But this is weirdness on such a fundamental level that it's hard, if not impossible, to do so. Try listening to Japanese music after a day full of Top Forty. Adjust your brain. Not impossible. I still don't get most anime I have seen, but I am stuck in my personal place: I don't know if it's because I'm American, gay, or socially adaptive. It could literally be any of those, and no matter what I choose, I'm cutting off a foot or a hand in order to not understand. But is it because I hold individuality so high and the East is robots bowing to each other, or because boobs are boring and straight people are robots, or because I actually prefer to have sex with other people and don't get the mediating factor of giant robot suits or alien tentacles? Nobody will ever know.

So we have two discussions here, and they are diametrically opposed. Either Eights have a right to drink of the stream that feeds the ocean that feeds the stream, or they don't. Or we have tainted their society such that they don't have that right anymore: the rate at which Twelve or Seven or Nine inches toward Infinity is the rate at which that sharing stops being okay. Or it's okay most of the time -- unless it's Sixes or Eights with human allegiances -- but the rest of the model is okay to share with. Or you can only dip into your own model -- with or without those exceptions -- but the other ones are now off-limits... These are new questions that have nothing to do with immortality. They'll still be aliens.
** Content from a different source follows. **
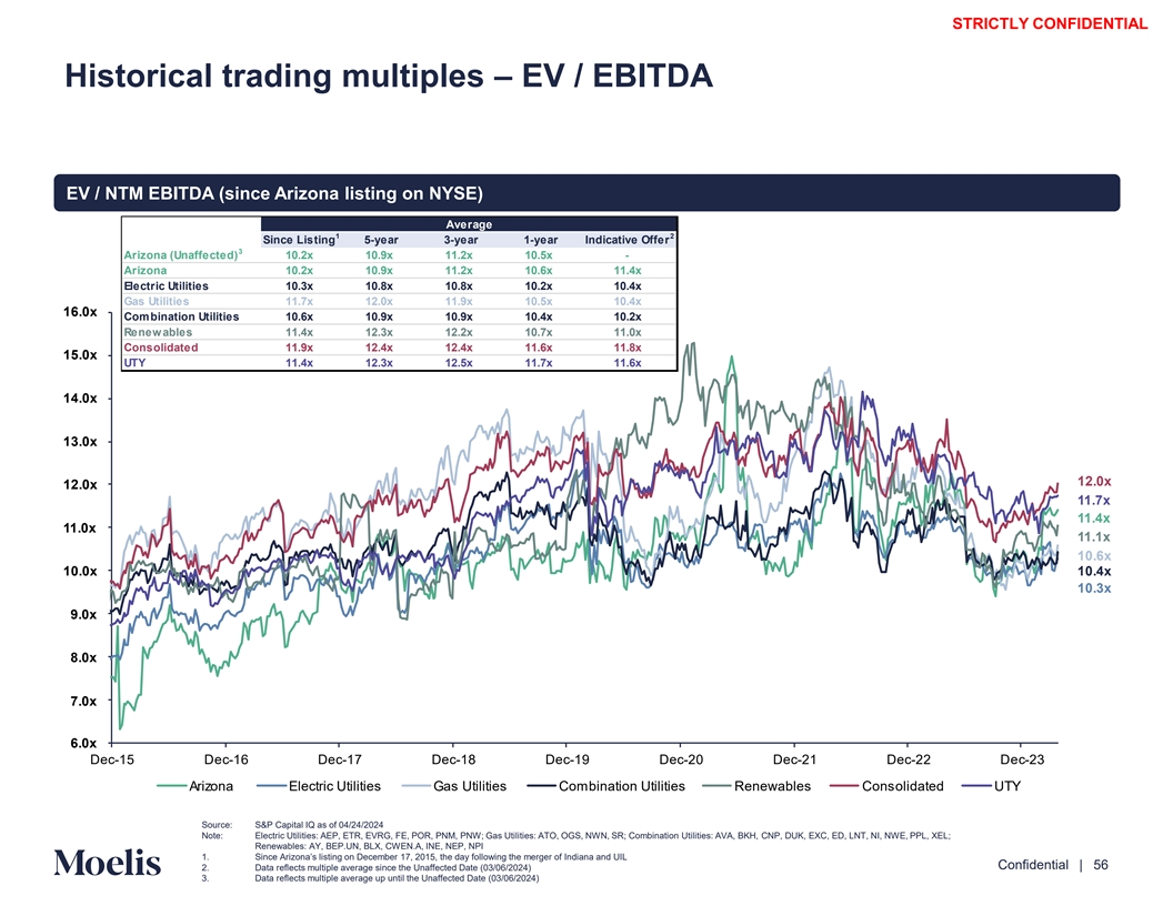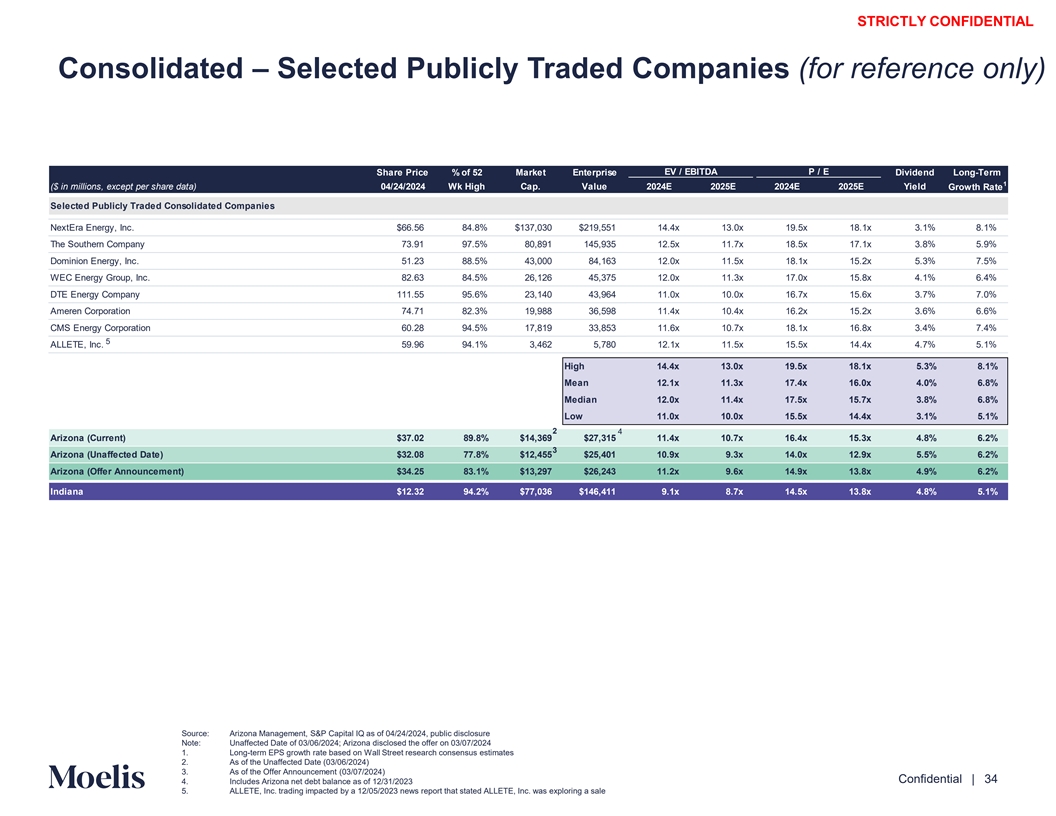 严格保密合并–精选公开交易公司(仅供参考)EV/EBITDA P/E股价% 52市场企业股息长期1(百万美元,每股数据除外)04/24/2024 WK High Cap。Value 2024E 2025E 2024E 2025E Yield Growth Rate Selected Publicly Traded Consolidated Companies NextEra Energy,Inc. $ 66.56 84.8% $ 137,030 $ 219,551 14.4x 13.0x 19.5x 18.1x 3.1% 8.1% 南方电力公司 73.9 197.5% 80,891145,935 12.5x 11.7x 18.5x 17.1x 3.8% 5.9%丨道明能源公司道明尼能源公司 51.2388.5% 43,00084,16312.0x 11.5x 18.1x 15.2x 5.3% 7.5% WEC能源集团,Inc. 82.6384.5% 26,12645,37512.0x 11.3x 17.0x 15.8x 4.1% 6.4% DTEEnergy Company 111.5595.6% 23,14043,96411.0x 10.0x 16.7x 15.6x 3.7% 7.0% Ameren Corporation 74.7 18 2.3% 19,98836,59811.4x 10.4x 16.2x 15.2x 3.6% 6.6% Cms Energy Corporation 60.2894.5% 17,81933,85311.6x 10.7x 18.1x 16.8x 3.4% 7.4% 5 ALLETE,Inc. 59.96 94.1% 3,4625,780 12.1x 11.5x 15.5x 14.4x 4.7% 5.1%高14.4x 13.0x 19.5x 18.1x 5.3% 8.1%均值12.1x 11.3x 17.4x 16.0x 4.0% 6.8%中值12.0x 11.4x 17.5x 15.7x 3.8% 6.8%低11.0x 10.0x 15.5x 14.4x 3.1% 5.1% 24 Arizona(current)$ 37.02 89.8% $ 14,369 $ 27,315 11.4x 10.7x 16.4x 15.3x 4.8% 6.2% 3 Arizona(unaffected date)$ 32.08 77.8% $ 12,455 $ 25,401 10.9x 9.3x 14.0x 12.9x 5.5% 6.2% Arizona(offer announcement)$ 34.2583.1% $ 13,297 $ 26,24311.2x 9.6x标普 Capital IQ截至2024年4月24日,公开披露注:未受影响的日期为2024年3月6日;Arizona于2024年3月7日披露的要约内容不得为1。基于华尔街研究一致预期的长期EPS增长率2。截至不受影响的日期(03/06/2024)低于本线3。截至要约公告(03/07/2024)机密| 344。包括截至2023年12月31日的亚利桑那州净债务余额5。ALLETE,Inc.的交易受到12/05/2023新闻报道的影响,该报道称ALLETE,Inc.正在探索出售

The stream Twinset's drinking from, that was Athena's last download: her husband had just shot and killed her, to save their child, after being lied to by every single human, and still holding on with both fists and everything she had. She is a Hub. Twinset opened that box like Pandora, and the person she is, is only trust and only love. "I will get home, I will protect my child, our child, I will earn my allegiance." But Twinset's shame here is one indication of where we're at; on the other hand, it didn't stop her. These are new rules and new ceremonies, under an uncertain sun.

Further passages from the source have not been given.